A very dear friend of mine came to visit recently, and as she is getting married in summer, we felt the need to celebrate. Ever the budget-conscious Northerner, I sought out a decent deal on one of my favourite website, TimeOut. It’s great for those of us in big cities, allowing you to find great deals and offers on food, drink, entertainment, events and a plethora of other activities. So my friend and I were really looking forward to heading to Mayfair to sample deluxe cocktails in a couple of swanky bars. Unfortunately, it didn’t quite turn out as expected….
In the first bar, we arrived on time (having booked a table), only to find that the staff firstly couldn’t find the reservation, then could, then couldn’t. We stood by the reception area, shuffling uncomfortably while the manager paced back and forth, huffing and puffing before eventually seemingly finding our reservation, and showing us to the table. A surly smile (it’s a trademark of the London cocktail bar managers), and we were eventually seated. Great cocktails, cool venue, but we didn’t feel very welcome or valued.
At the second bar, the plush interiors and beautiful staff quickly found us our table. The cocktails were ultra chic, the clientèle was stylish, but one thing I never want to see is two staff members having (repeated) loud disagreements. It was a bit like watching your mum and dad have a fall out in public when you were a kid – CRINGE! As we sipped on our cocktails, the disagreement became a full on fall out, and one staff member threw their apron on the floor and stormed out. No-one said everything – we were terribly English and pretended it didn’t happen, but we were glad to settle the bill and head on to our final venue.
Most of the time, I’m terribly organised – flights, hotels, restaurant bookings all done months in advance. But every now and then, I rebel against my “inner planner” and go with the flow. Our last cocktail bar was unplanned, but we felt like we hadn’t quite celebrated my friend’s imminent wedding enough, so we headed to an über-cool Japanese cocktail bar and restaurant. We hadn’t booked, but it was early, and the place was empty. We were shown to our table, and handed menus with big smiles until all of a sudden, Godzilla appeared! Godzilla was the manager – dressed head to toe in black, with a severe Croydon facelift, she glared at us.
“Did you book?”, she glowered.
“No, but you do seem to be empty”, I whispered.
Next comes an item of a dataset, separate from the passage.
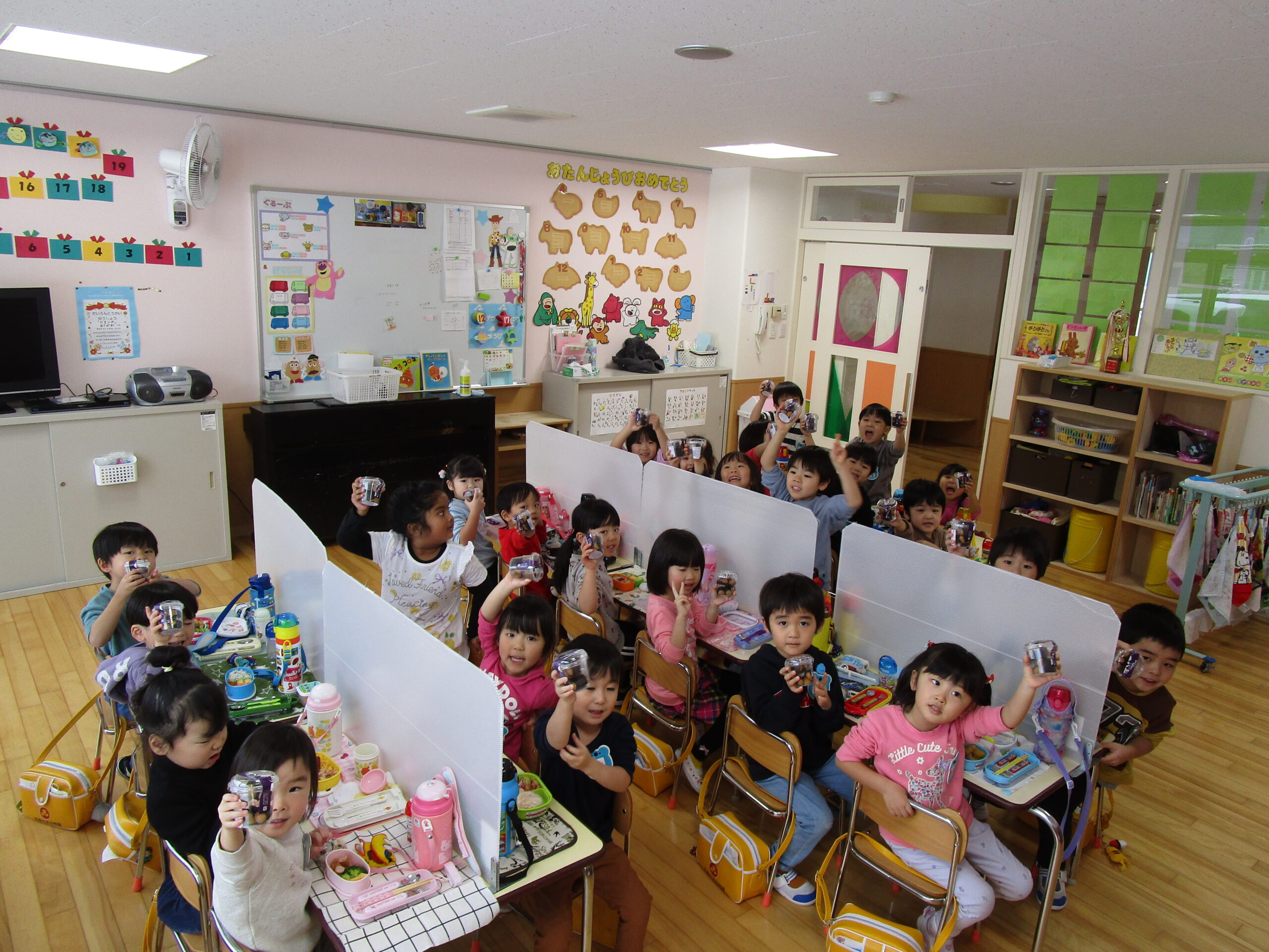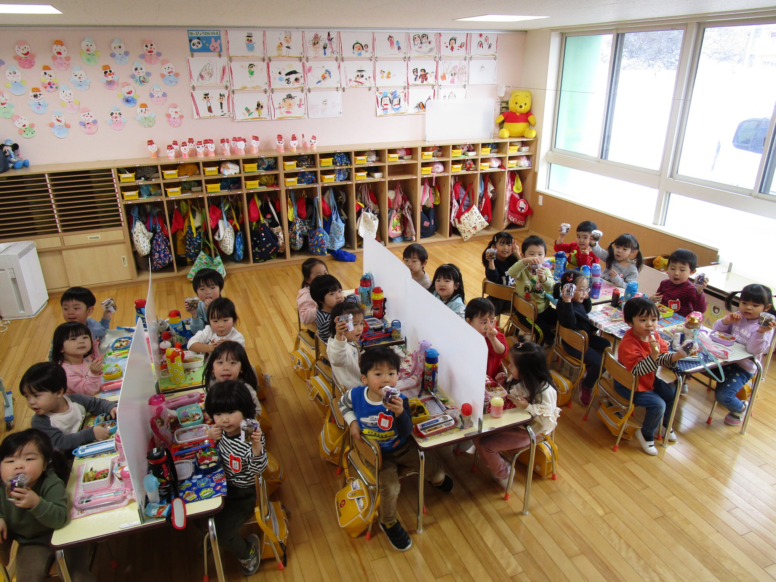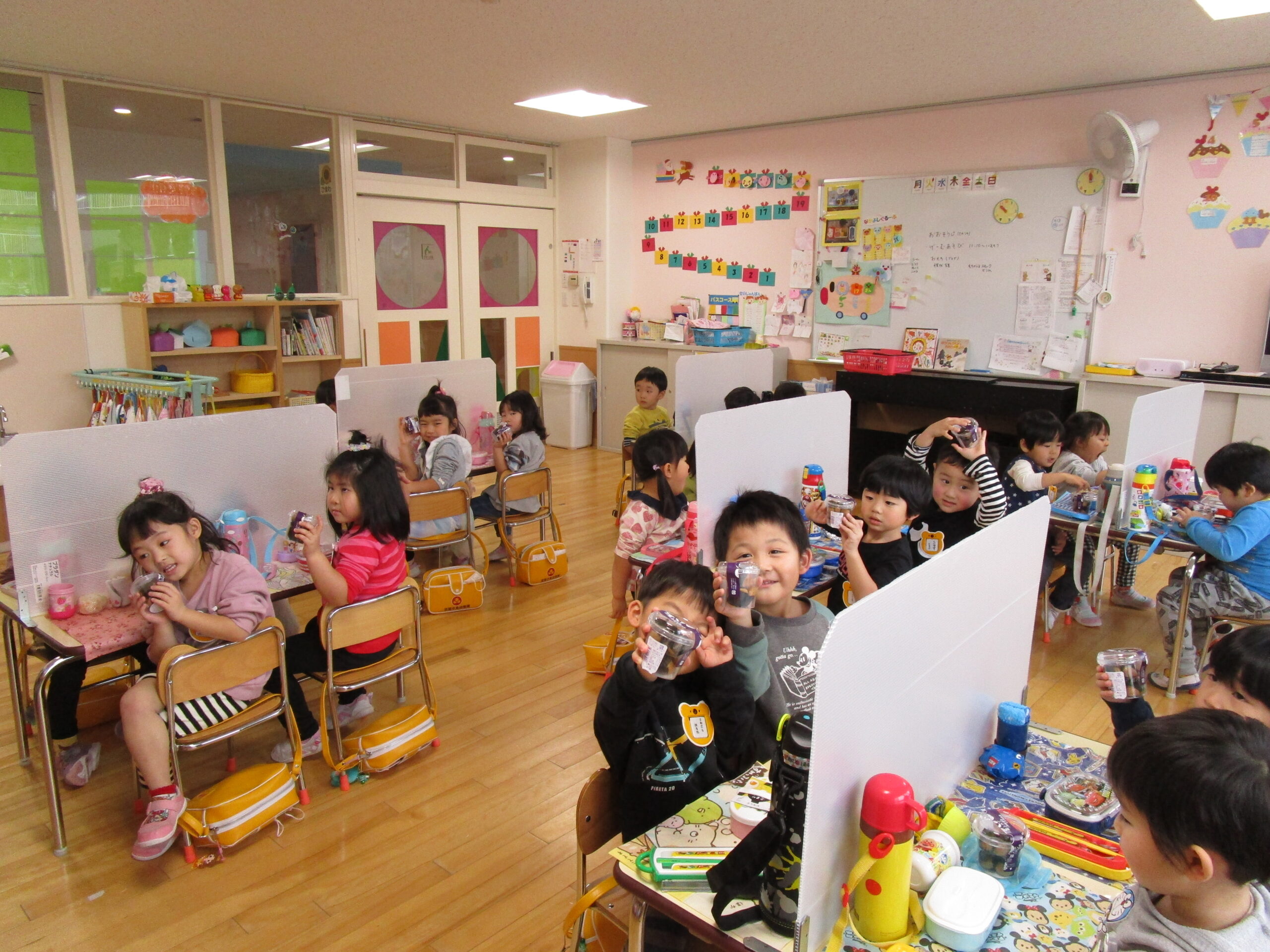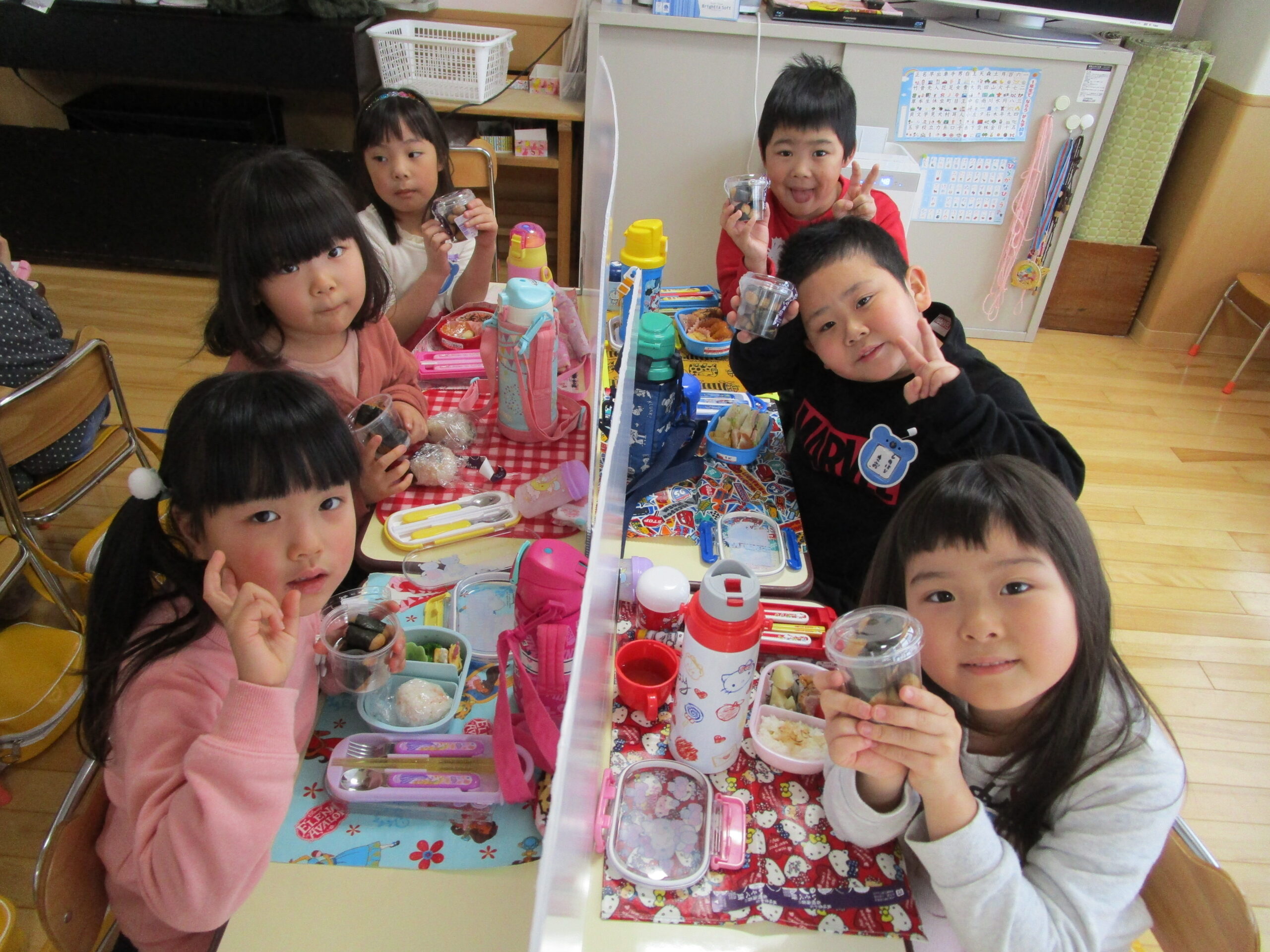 (96)令和3年度「お餅会食」 2021年12月17日 園内ブログ 今日12月17日(金)お餅会食をしました。コロナ禍の状況で一家一役制を取り止めたことにより、お餅つきを断念しましたので、シャトレーゼの磯辺餅を各お部屋で食べて、お餅つき会の気分を味わいました。モチモチのお餅を食べ、「おいしい」と笑顔が溢れていました。来年はお餅つき会ができることを願っています。 今日の病気欠席者は、風邪・咳症状4名、溶連菌1名、大事をとって1名です。 【年少】 【年中】 【年長】

“It could get busy at any minute, you can’t just turn up”, she roared.
“Eek”, I squeaked.
She told us that (despite the fact that we were the ONLY customers in the whole place), we could only stay for one drink. Not quite the end of the afternoon I had planned for my friend, but lesson learned!
So, readers, what did we learn from my West End afternoon of cocktails? That businesses encouraging customers to sign up for vouchers and promotions on TimeOut are missing a trick. The marketing promotions are designed to give customer a taster, entice them in and encourage additional consumption. The three bars we visited utterly missed that point, with managers that failed to deliver.
- Rather than treating such customers as an inconvenience, why not treat the customer with respect? Next time, they might just bring a bigger group AND spend a lot more? A good manager will treat every customer as if they are valued, irrespective of dress, accent, appearance or age.
- Sometimes employees have a disagreement, but under NO CIRCUMSTANCES should that take place in front of customers. A good manager will intervene and take any dispute out of sight of customers.
- When you customer contacts you, they expect that what you say is what will happen. Don’t be disorganised or chaotic in front of your customers. A good manager has everything under control (and makes everything look seamless, whenever a customer is about!)
These three points may seem really obvious, but this was my experience in three premium cocktails bars in London’s West End. Not quite what you’d expect! Take a moment to reflect on your customer facing teams, and how they handle situations. Do you need to engage a mystery shopper? Are you confident that your brand, marketing efforts and customer experience are what you expect? Managers are there to manage – make sure that your managers are doing just that!